## TASK OBJECTIVE
An exact restatement of the data is required, with the images omitted.

** DATA SHOWN follows **

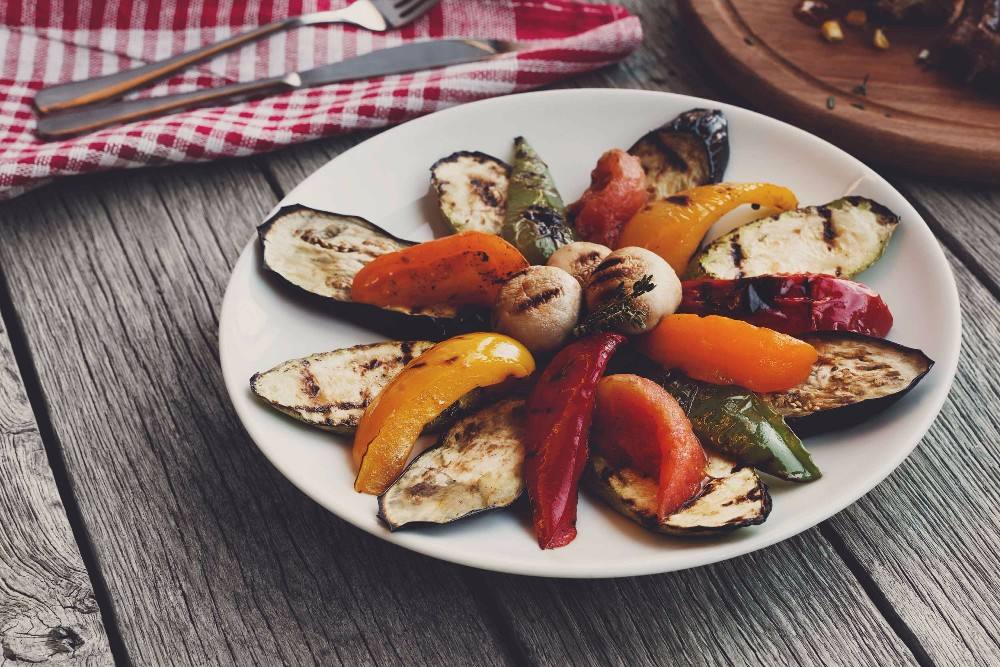- ترص الخضروات المشوية في طبق، ويصب فوقها خليط الثوم والخل.
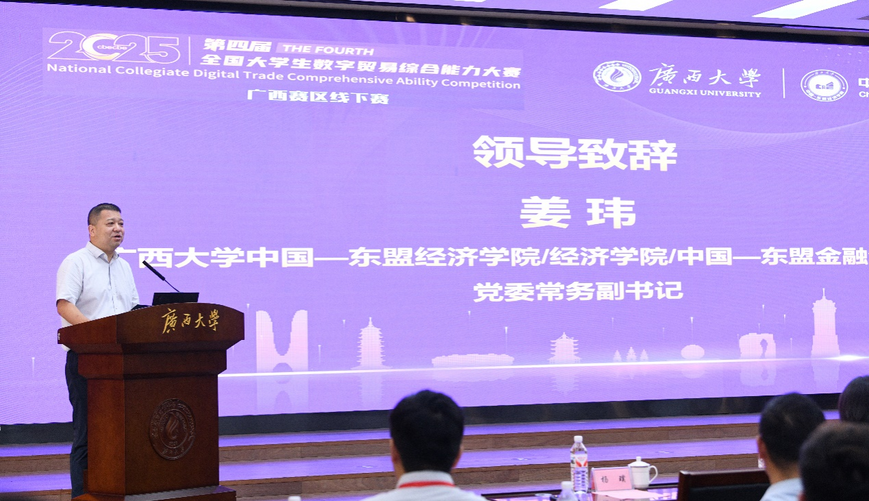 姜玮代表学校对参加本次大赛的嘉宾和师生代表表示热烈欢迎。他指出, 要大力培养具备数字贸易综合能力的高素质人才,适应数字经济时代发展的新趋势,期待通过此次大赛,进一步推动广西高校数字贸易教育的改革与发展。
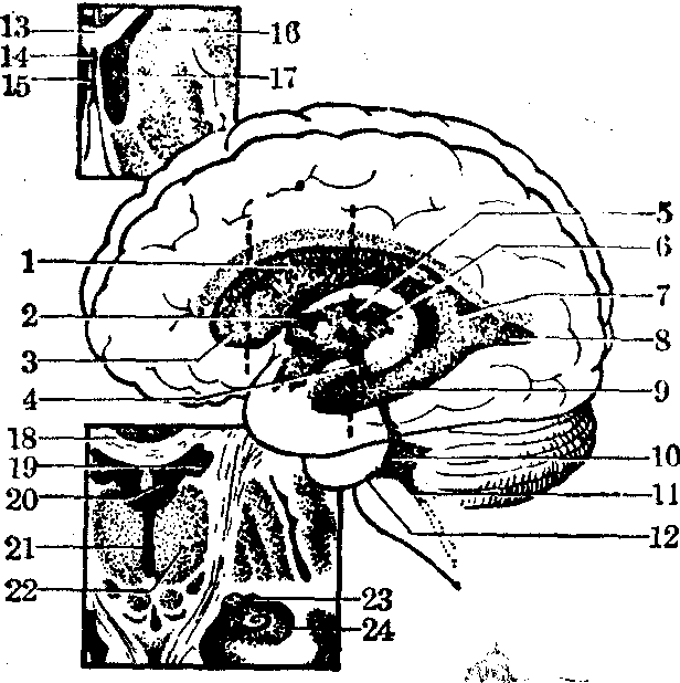图1 脑室的侧面和冠状切面 1. 侧脑室体部 2. 室间孔 3. 侧脑室前角 4. 中脑导水管 5. 第三脑室 6. 松果体上隐窝 7. 侧脑室三角部 8. 侧脑室后角 9. 侧脑室下角 10. 第四脑室11. 中孔 12. 侧孔 13. 胼胝体 14. 第五脑室 15.透明隔 16. 尾状核 17. 侧脑室前角 18. 胼胝体19.尾状核 20. 侧脑室体部 21. 第三脑室 22. 丘脑23.尾状核尾 24. 侧脑室下角
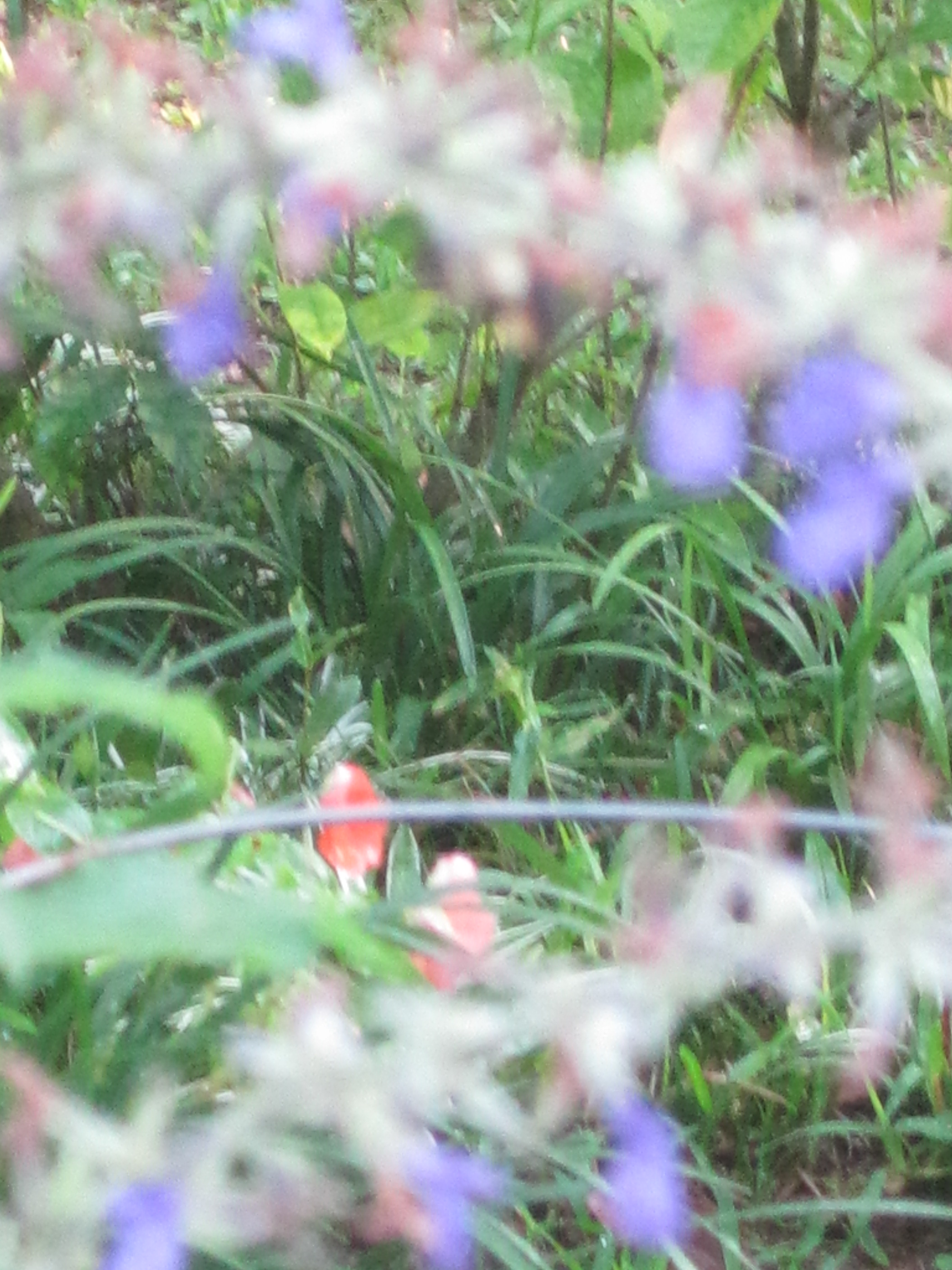 I tried to capture this bee soaking up the salvia and look what I got. But I like it. You are just going to have to trust me that it is Black and Blue Salvia and there is a bee or two nestled down in there. I guess you will have to stop by and see for yourself and hear those bees. A beautiful sound.

** End of DATA SHOWN **

## RESPONSE TO THIS TASK
- ترص الخضروات المشوية في طبق، ويصب فوقها خليط الثوم والخل.
 姜玮代表学校对参加本次大赛的嘉宾和师生代表表示热烈欢迎。他指出, 要大力培养具备数字贸易综合能力的高素质人才,适应数字经济时代发展的新趋势,期待通过此次大赛,进一步推动广西高校数字贸易教育的改革与发展。
图1 脑室的侧面和冠状切面 1. 侧脑室体部 2. 室间孔 3. 侧脑室前角 4. 中脑导水管 5. 第三脑室 6. 松果体上隐窝 7. 侧脑室三角部 8. 侧脑室后角 9. 侧脑室下角 10. 第四脑室11. 中孔 12. 侧孔 13. 胼胝体 14. 第五脑室 15.透明隔 16. 尾状核 17. 侧脑室前角 18. 胼胝体19.尾状核 20. 侧脑室体部 21. 第三脑室 22. 丘脑23.尾状核尾 24. 侧脑室下角
 I tried to capture this bee soaking up the salvia and look what I got. But I like it. You are just going to have to trust me that it is Black and Blue Salvia and there is a bee or two nestled down in there. I guess you will have to stop by and see for yourself and hear those bees. A beautiful sound.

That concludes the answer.